Re: Origins

Gil Hardwick (
Mon, 15 May 1995 07:30:23 GMT

In article <3oiqro$> (Phil Nicholls) writes:
> It is believed that blood groups A and B were absent from the
> aboriginal populations of North and South America. In South America
> and the southern part of North America the gene for A is found at
> a frequency of 0.05 of less while the gene for B is 0.05 or less
> throughout North and South America except for the coastal areas
> of Australia. By contrast, the frequency of the O allele in South
> America and the southern part of North America is between 0.95 and
> 1.0. There is an interesting pocket in Central West United States
> in which the frequency of A reaches 0.05-0.15 and I believe it may
> be attributed to a later movement from siberia.
> Source: Mourant, A.E. (1954) Distribution of Human Blood Groups

I am only a tad confused here, Phillip, about whether you are citing
a reference on blood groups, or a reference on genes for blood groups
in support of your position on human evolution.

Are you saying to us here that the researchers had actually gone out
into the field doing genetic research way back then during the late
1940s and early 1950s, more than likely much earlier given the number
of widely distributed study sites, and there had actually located the
genes for all these different blood groups?
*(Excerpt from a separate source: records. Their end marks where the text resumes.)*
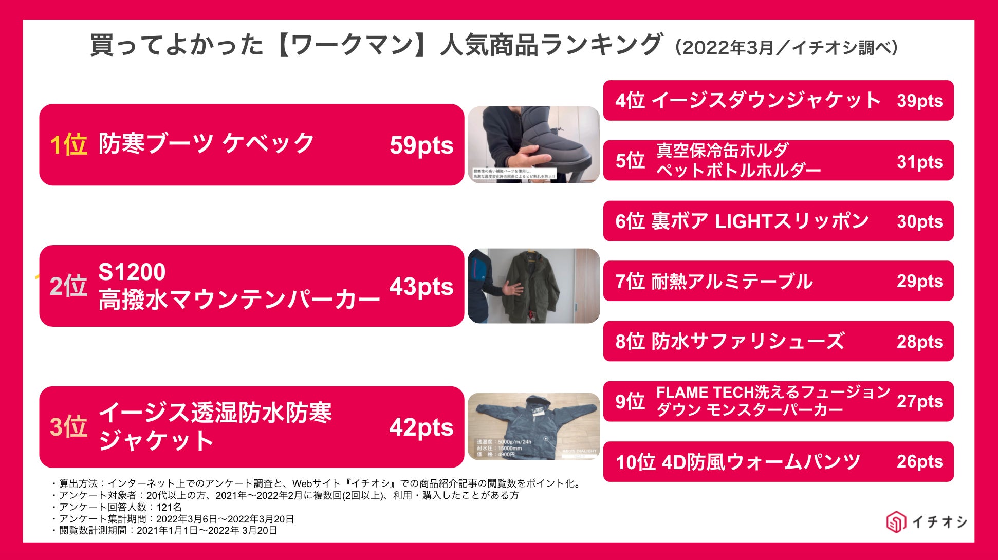 買ってよかった【ワークマン】の人気商品1位は?2022年3月調査ランキングを発表
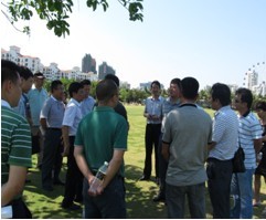 在双拥雕塑项目建设选址—白沙门公园阳光草坪现场,市双拥办吴胜刚主任就双拥雕塑项目选址和规划设计向调研小组汇报了基本情况。海旅集团董事长、党委书记顾建在现场作了补充发言,认为该项目可结合海南本地红色革命故事和有关国防教育基地对双拥雕塑公园的要求进行雕塑设计。最后,朱永盛副市长要求市双拥办加快项目设计工作,确保项目顺利进行。
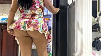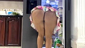 I record my stepmother's upskirt while she cleans the refrigerator.
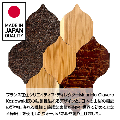 フランス在住、クリエイティブ・ディレクター、Mauricio Clavero Kozlowski氏の独創性溢れるデザインと、日本の山桜の樹皮の野性味溢れる繊細で静謐(せいひつ)な表情が融合。秋田から樺細工を使用したウォールパネルを創り上げました。
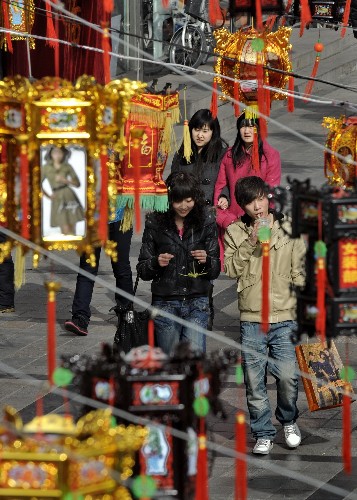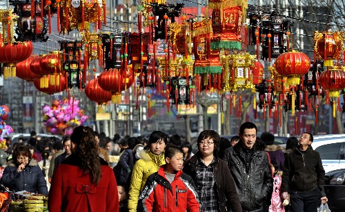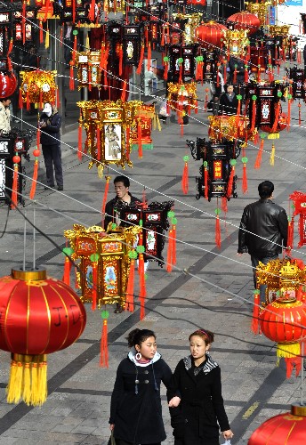 2月6日,市民在呼和浩特中山路商業(yè)街上賞燈購物。 元宵節(jié)即將來臨,呼和浩特市的主要街道上懸掛起各種彩燈,讓市民感受到了濃濃的節(jié)日氣氛。 新華社記者 李欣攝

I mean, back then in the early post-war years we didn't even know
about DNA, much less understand anything at all about gene sequences.

Nor did we have then the sophisticated field techniques and transport
systems today allowing those blood samples to be flown all the way
back from South America, or all the way from Australia, to arrive in
some passing reasonable condition to a genetics laboratory somewhere.

Even if the lab was in Melbourne, for the Australian study that still
leaves nearly 5,000 Km of desert to fly over using only the military
transport planes at that time available.

Or did the researchers simply carry out fairly basic procedures under
field conditions for blood groups ONLY, Mr Nichols, and then analyse
statistically in an entirely separate exercise what they had referred
to as "island type genetic isolates", LOOSELY DEFINED from *biology*
"as a population in which 50% or more matings occur within its
boundaries" (Birdsell, in Peterson 1976)?

While I myself knowing Aboriginal discretion on such matters wonder
how the hell they would know at all just who was "mating" with whom
away up there along the WA coast, it is only relevant to my friendly
(:-))) rejoinder here that you here now assume that because these
disparate populations are recorded thereby as having quite different
distributions of blood groups, the available evidence somehow offers
us sufficiently reliable information to state so clearly as you do
above that what we are looking at is the distribution of GENES for
those blood groups.

Let me tell you, Mr Nichols, that Norman Tindale carried out the work
here in Australia and had published his preliminary monograph on his
results as far back as 1940. His own American colleague Joe Birdsell
had resurrected the material during the 1970s specifically to refute
doubts expressed by the Australian anthropologist Ronald Berndt (UWA)
arising from his own subsequent field research as to their usefulness
in determining "tribal boundaries".

The research program had nothing to do with human origins or genes at
all, and proceeded in any event by deploying a statistical analyses of
ASSUMPTIONS as to which men and women only MAY HAVE BEEN having sex
with one another based on patterns of marriage from place to place.

Using such data to support an argument on human origins is simply NOT
VALID. It just doesn't hold water, if you get my drift . . .

REF: Nicolas Peterson 1976, Tribes and Boundaries in Australia.